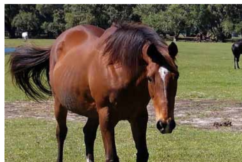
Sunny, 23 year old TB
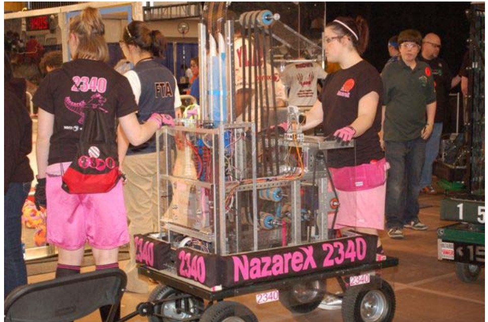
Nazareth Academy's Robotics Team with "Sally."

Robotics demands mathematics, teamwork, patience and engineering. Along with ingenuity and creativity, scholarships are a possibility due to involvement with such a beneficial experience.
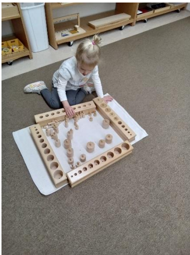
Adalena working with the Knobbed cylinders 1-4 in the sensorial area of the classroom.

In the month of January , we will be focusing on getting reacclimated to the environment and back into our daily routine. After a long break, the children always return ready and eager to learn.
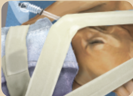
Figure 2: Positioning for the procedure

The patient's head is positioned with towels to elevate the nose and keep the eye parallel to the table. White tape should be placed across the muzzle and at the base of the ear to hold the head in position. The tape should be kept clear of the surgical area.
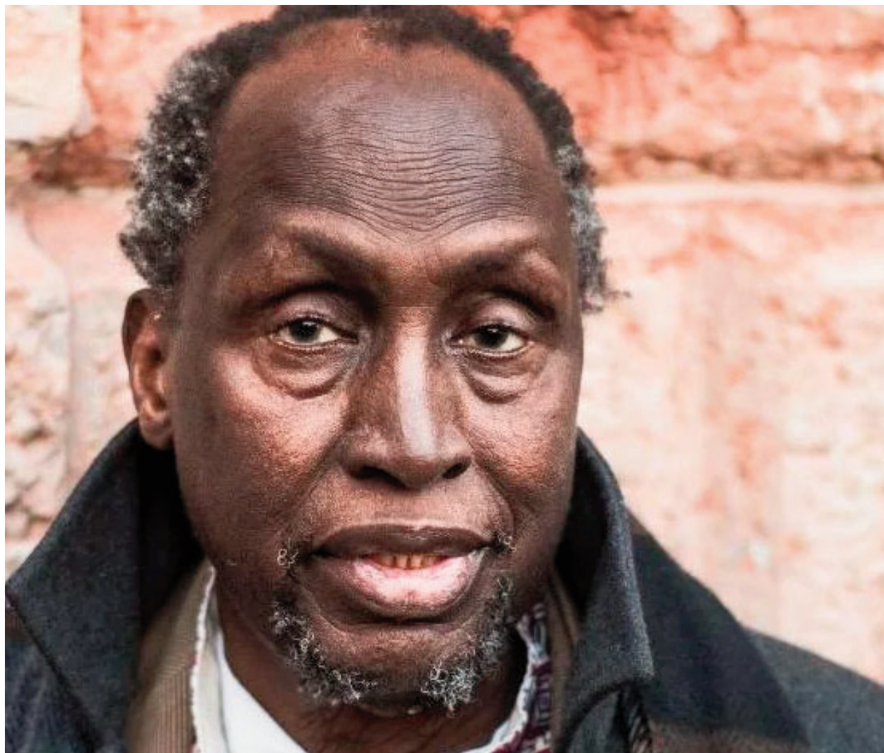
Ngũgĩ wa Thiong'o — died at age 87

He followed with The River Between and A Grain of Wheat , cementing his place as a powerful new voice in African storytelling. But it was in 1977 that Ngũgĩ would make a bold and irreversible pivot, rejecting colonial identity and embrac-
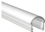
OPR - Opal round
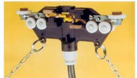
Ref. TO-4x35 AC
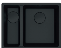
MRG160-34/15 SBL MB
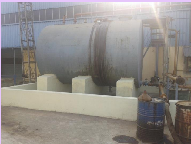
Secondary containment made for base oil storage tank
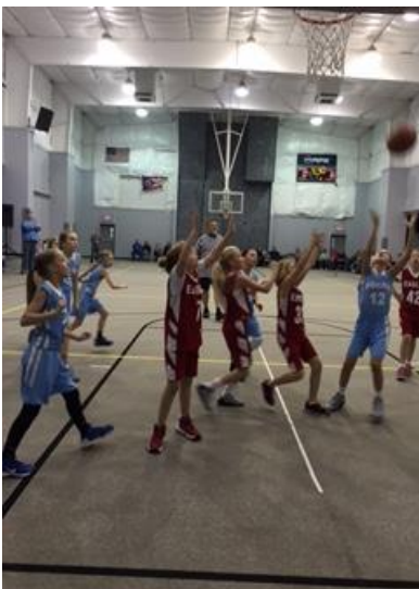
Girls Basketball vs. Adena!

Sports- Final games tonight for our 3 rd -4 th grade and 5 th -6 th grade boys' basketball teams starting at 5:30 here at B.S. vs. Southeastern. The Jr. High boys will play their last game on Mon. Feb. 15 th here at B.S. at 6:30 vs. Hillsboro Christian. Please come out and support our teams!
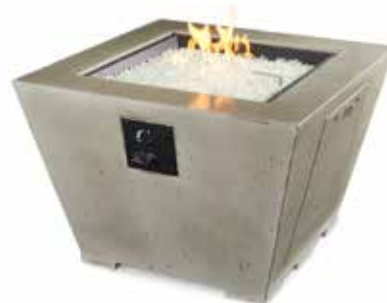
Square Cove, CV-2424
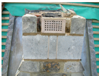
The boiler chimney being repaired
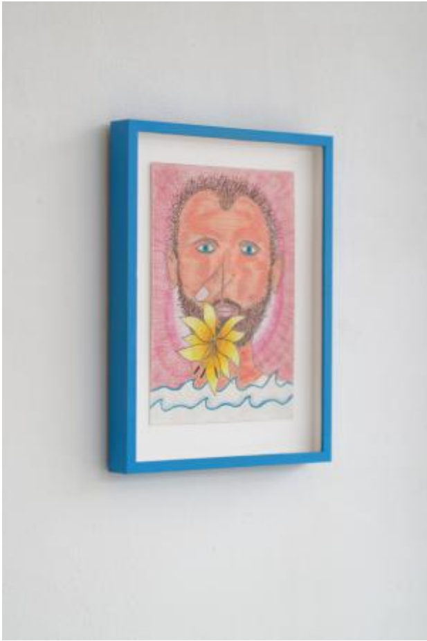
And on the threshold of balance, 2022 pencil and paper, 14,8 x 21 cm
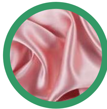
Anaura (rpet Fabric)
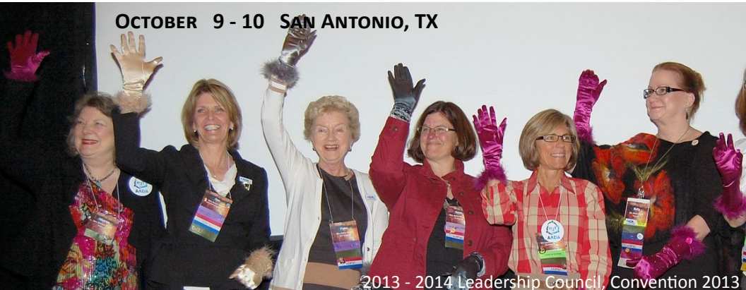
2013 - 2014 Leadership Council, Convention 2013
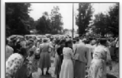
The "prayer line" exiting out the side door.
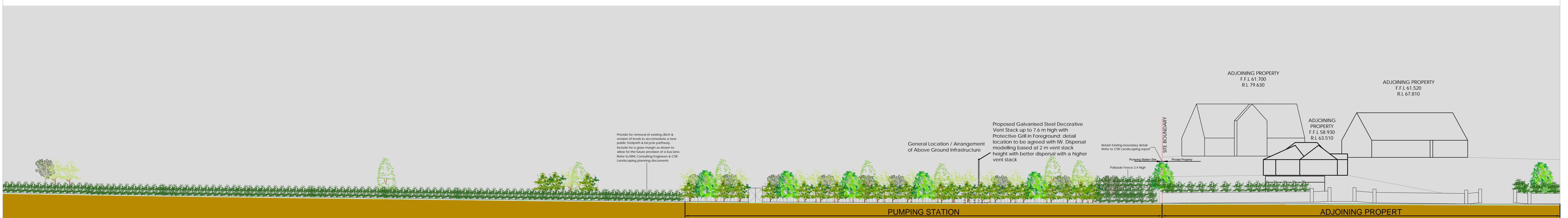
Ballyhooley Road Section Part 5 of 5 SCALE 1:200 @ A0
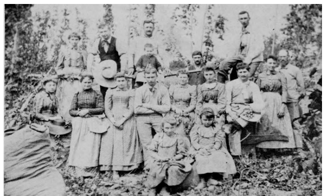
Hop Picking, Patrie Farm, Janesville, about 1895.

•••••

• [TASK INSTRUCTIONS]:
Search the data above and return each line in which "Robotics" occurs.

• [EXPECTED OUTPUT]:
Nazareth Academy's Robotics Team with "Sally."
Robotics demands mathematics, teamwork, patience and engineering. Along with ingenuity and creativity, scholarships are a possibility due to involvement with such a beneficial experience.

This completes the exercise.